Omit every picture and output the rest of the records exactly as they are.

━━━━━━━━━━━━━━━━━━━━

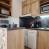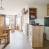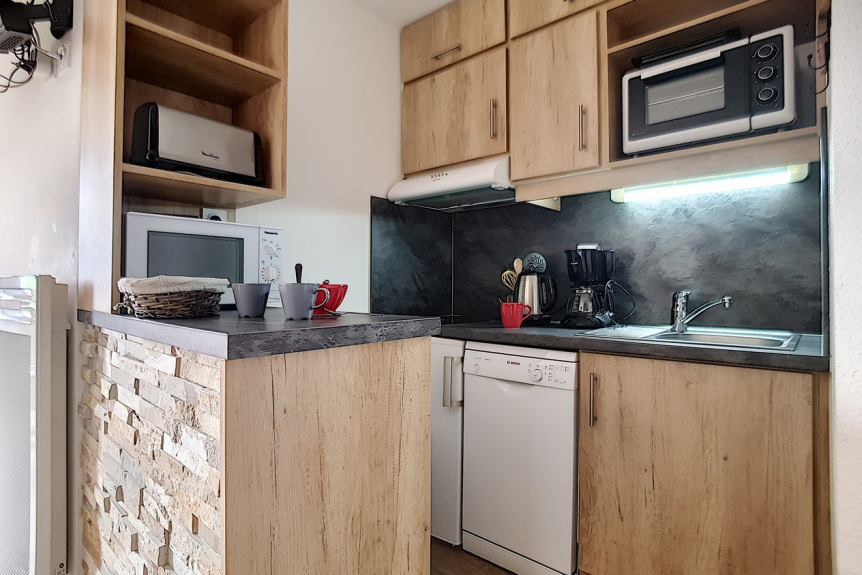 Cucina integrata con 2 piastre in ceramica, forno tradizionale, microonde, frigorifero, cappa, lavastoviglie, tostapane, bollitore e macchina da caffè.
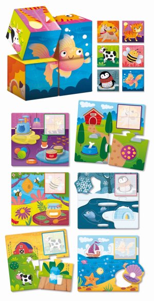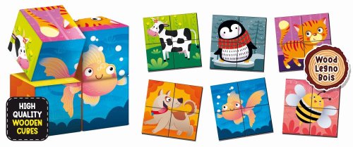 Drevené kocky so zvieratkami na precvičenie logického myslenia. Vhodné pre deti od 1 roku.
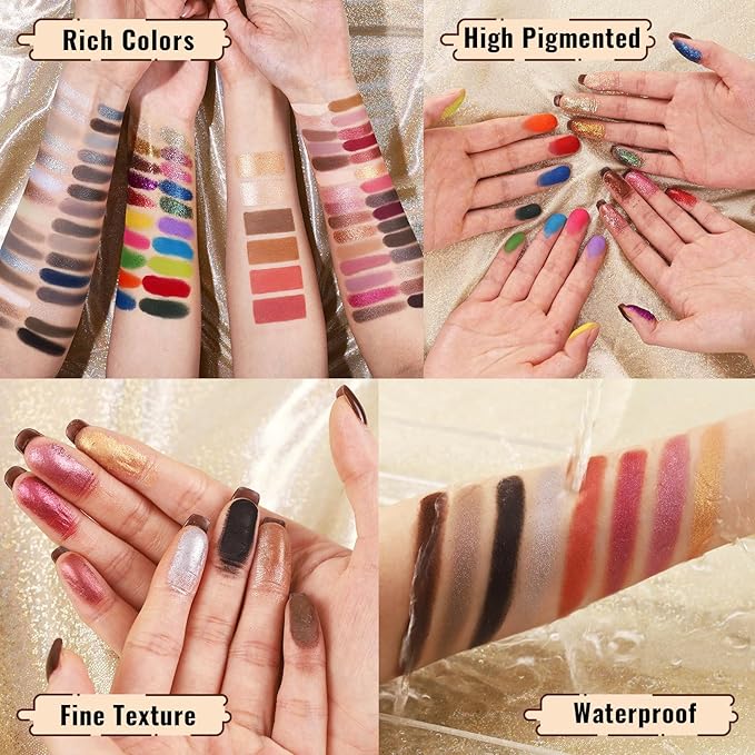 - 【❤Long Lasting and Expertly-Chosen Colors】High quality formula makes it waterproof and last up to 24 hrs even when you are sweating or swimming. Expertly-curated eyeshadow palette contains nudes, oranges, browns, purples, pinks, greens, reds, blacks, blues, yellows, greys in several finishes, rich-toned matte, buttery-like shimmer, blinging glitters. Intense pigments payoff delivers striking impact and light-catching dimension.
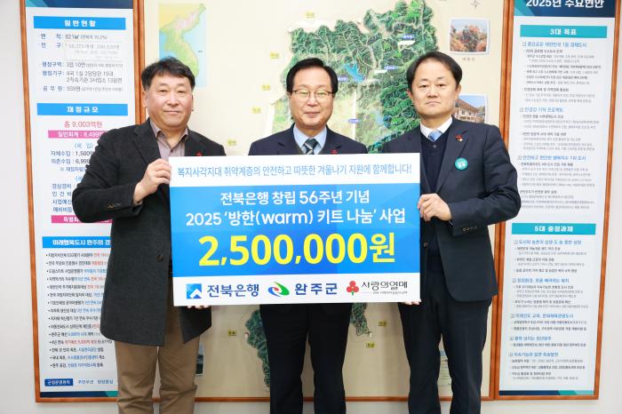 전북은행(은행장 백종일)이 연말을 맞이해 완주군청에 취약계층을 위한 ‘2025 방한(Warm) 키트’ 60상자(250만 원 상당)를 전달했다고 18일 밝혔다.이번 전달은 겨울철 한파와 난방비 부담으로 어려움을 겪…
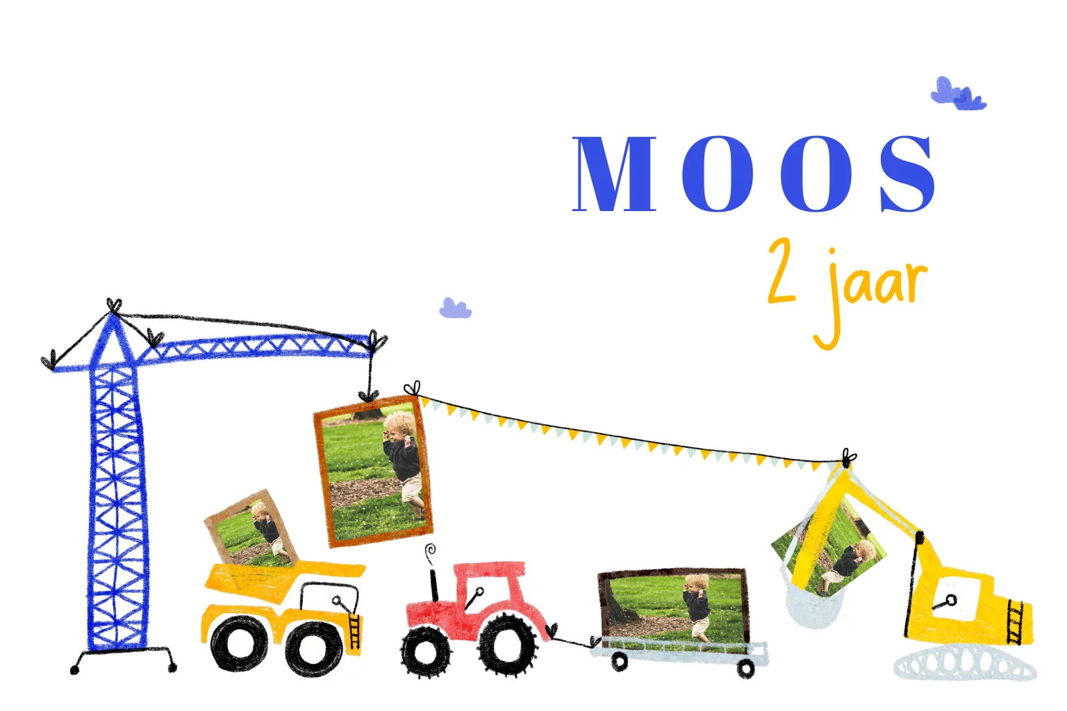 Een schattige stoere verjaardagsuitnodiging met illustraties van voertuigen, waarbij je ook foto's kunt toevoegen om het kaartje super persoonlijk te maken.
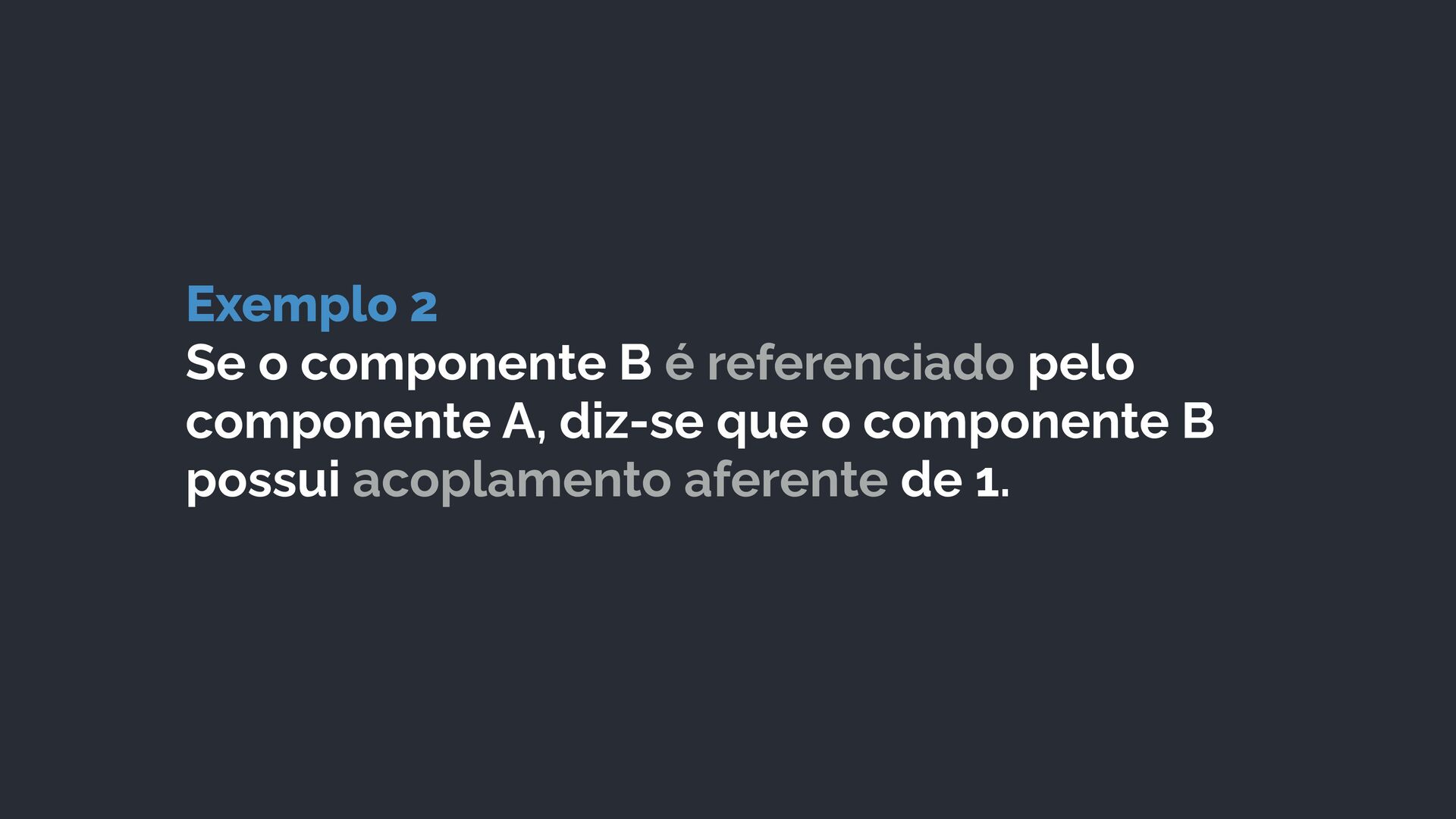 A, diz-se que o componente B possui acoplamento aferente de 1.
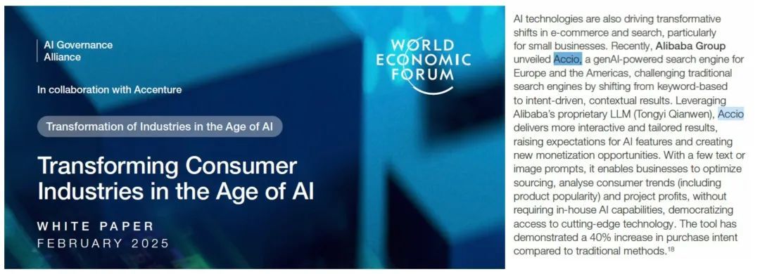 這幾天, Accio 還登上了世界經濟論壇的白皮書,被認爲是 AI 改變產業的代表性案例。
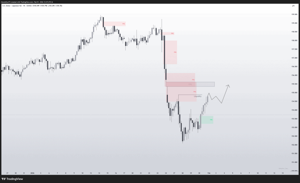 - SMC View: We are currently in a high-alert Liquidity Grab phase. Markets are spooked by coordinated “rate checks” and potential intervention rumors involving both the BoJ and US Treasury. Price is currently hovering near 153.30, which many institutions view as “oversold”.
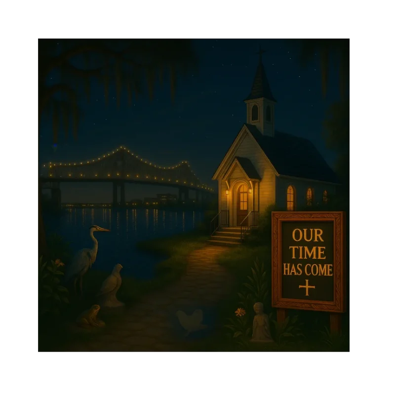 A warmly lit chapel stands along the Louisiana waterfront at night, with a softly glowing bridge and hanging moss creating a distinctly Southern, bayou-evening atmosphere. The sign reading ‘OUR TIME HAS COME’ adds a hopeful, faith-filled message to this tranquil scene, complete with herons, gentle water reflections, and warm golden light.

━━━━━━━━━━━━━━━━━━━━

> [EXERCISE RESULT]:
 Cucina integrata con 2 piastre in ceramica, forno tradizionale, microonde, frigorifero, cappa, lavastoviglie, tostapane, bollitore e macchina da caffè.
 Drevené kocky so zvieratkami na precvičenie logického myslenia. Vhodné pre deti od 1 roku.
 - 【❤Long Lasting and Expertly-Chosen Colors】High quality formula makes it waterproof and last up to 24 hrs even when you are sweating or swimming. Expertly-curated eyeshadow palette contains nudes, oranges, browns, purples, pinks, greens, reds, blacks, blues, yellows, greys in several finishes, rich-toned matte, buttery-like shimmer, blinging glitters. Intense pigments payoff delivers striking impact and light-catching dimension.
 전북은행(은행장 백종일)이 연말을 맞이해 완주군청에 취약계층을 위한 ‘2025 방한(Warm) 키트’ 60상자(250만 원 상당)를 전달했다고 18일 밝혔다.이번 전달은 겨울철 한파와 난방비 부담으로 어려움을 겪…
 Een schattige stoere verjaardagsuitnodiging met illustraties van voertuigen, waarbij je ook foto's kunt toevoegen om het kaartje super persoonlijk te maken.
 A, diz-se que o componente B possui acoplamento aferente de 1.
 這幾天, Accio 還登上了世界經濟論壇的白皮書,被認爲是 AI 改變產業的代表性案例。
 - SMC View: We are currently in a high-alert Liquidity Grab phase. Markets are spooked by coordinated “rate checks” and potential intervention rumors involving both the BoJ and US Treasury. Price is currently hovering near 153.30, which many institutions view as “oversold”.
 A warmly lit chapel stands along the Louisiana waterfront at night, with a softly glowing bridge and hanging moss creating a distinctly Southern, bayou-evening atmosphere. The sign reading ‘OUR TIME HAS COME’ adds a hopeful, faith-filled message to this tranquil scene, complete with herons, gentle water reflections, and warm golden light.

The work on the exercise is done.